[emma] Comments on EMMA LCWD by VBWG

VBWG Comments on EMMA LCWD [1]

EMMA provides a good attempt to extend and complete the annotation of
input from different modalities. This is an interesting evolution to be
evaluated in the context of the current recommendation and also for the
advances of Voice Browser standards.

We acknowledge that EMMA LCWD [1] is improved and more complete, but we
suggest a few extensions that are important for us and some general
comments too.

A. EMMA and VoiceXML 2.0/2.1

In the today speech market, VoiceXML 2.0 [2] is the reference
specification with a large presence in the industry. Since Mar. 2004,
VoiceXML 2.0 is a W3C recommendation.
Moreover VoiceXML 2.1 [3] extends VoiceXML 2.0 by adding a restricted
number of new features, none of them has a strict relationship with EMMA
VoiceXML 2.1 is close to become a Proposed Recommendation.

In this context we see very valuable to have an EMMA profile for
VoiceXML 2.0/2.1, whose goal is to enable a quick adoption of EMMA in
the current voice browser industry.
EMMA might be conveyed by the adoption of protocols such as IETF MRCPv2
which gives options to adopt EMMA as the format for speech results.

The VoiceXML 2.0/2.1 states a limited number of annotations to be
collected for each speech or DTMF input (see Table 10 [4] of VoiceXML
2.0 spec).

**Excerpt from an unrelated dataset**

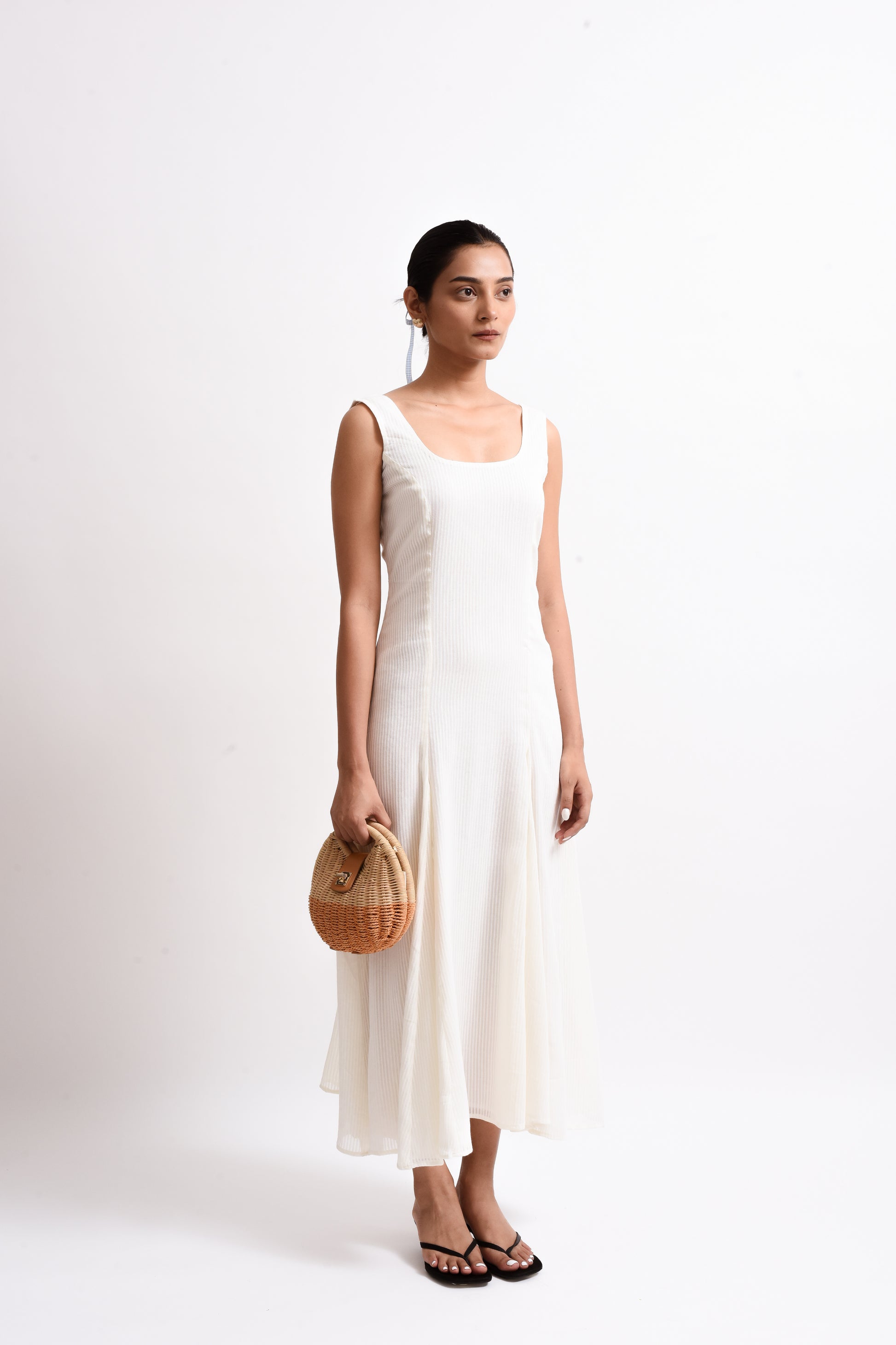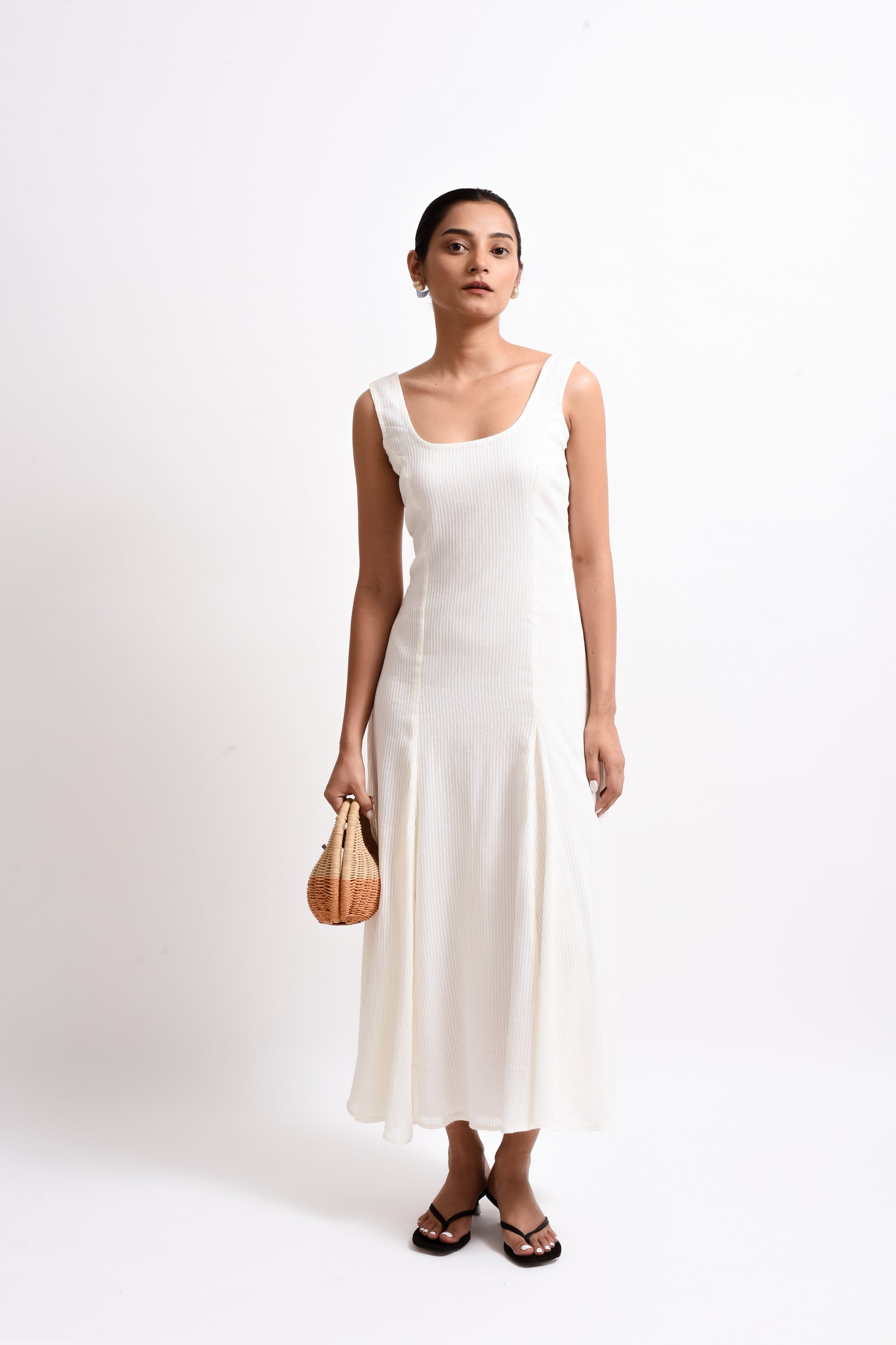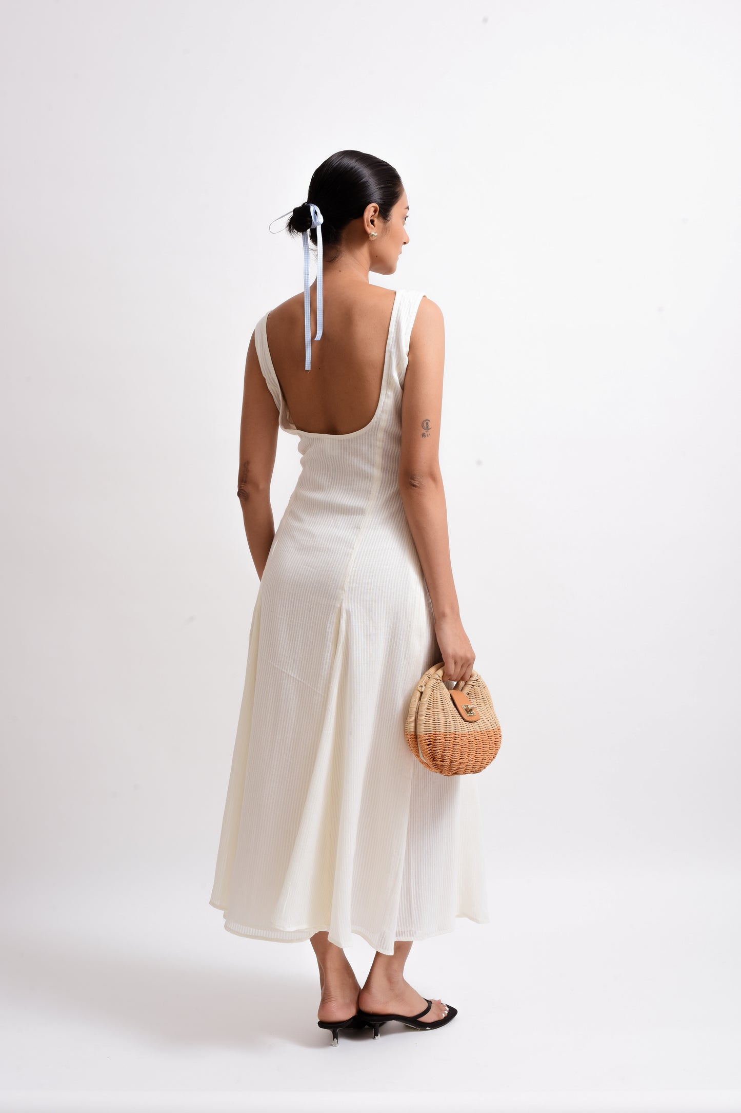 The Ayrah Dress is a stunning maxi featuring a low round neckline in front and back, sleeveless design, and a fitted bust and waist that gracefully flares into a voluminous skirt. Fully lined with a back zipper opening, this elegant dress is perfect for making a statement at any occasion.
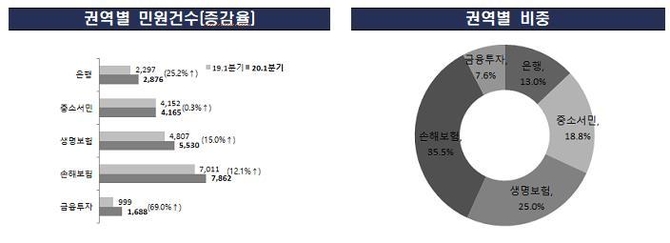 한편, 금감원의 1분기 민원 처리 건수는 2만101건으로 6.3%(1천189건) 증가했다.

Moreover, multiple ASR results may be returned on application
request, they have to be represented as N-best (see [5] of VoiceXML 2.0
for details).

Here are some practical proposals of possible extensions to EMMA

Proposal 1 - EMMA profile

Describe in EMMA spec a VoiceXML 2.0/2.1 profile, either in an Appendix
or in a Section of the specification.
This profile should describe the mandatory annotations to allow a
complete integration in a VoiceXML 2.0/2.1 compliant browser.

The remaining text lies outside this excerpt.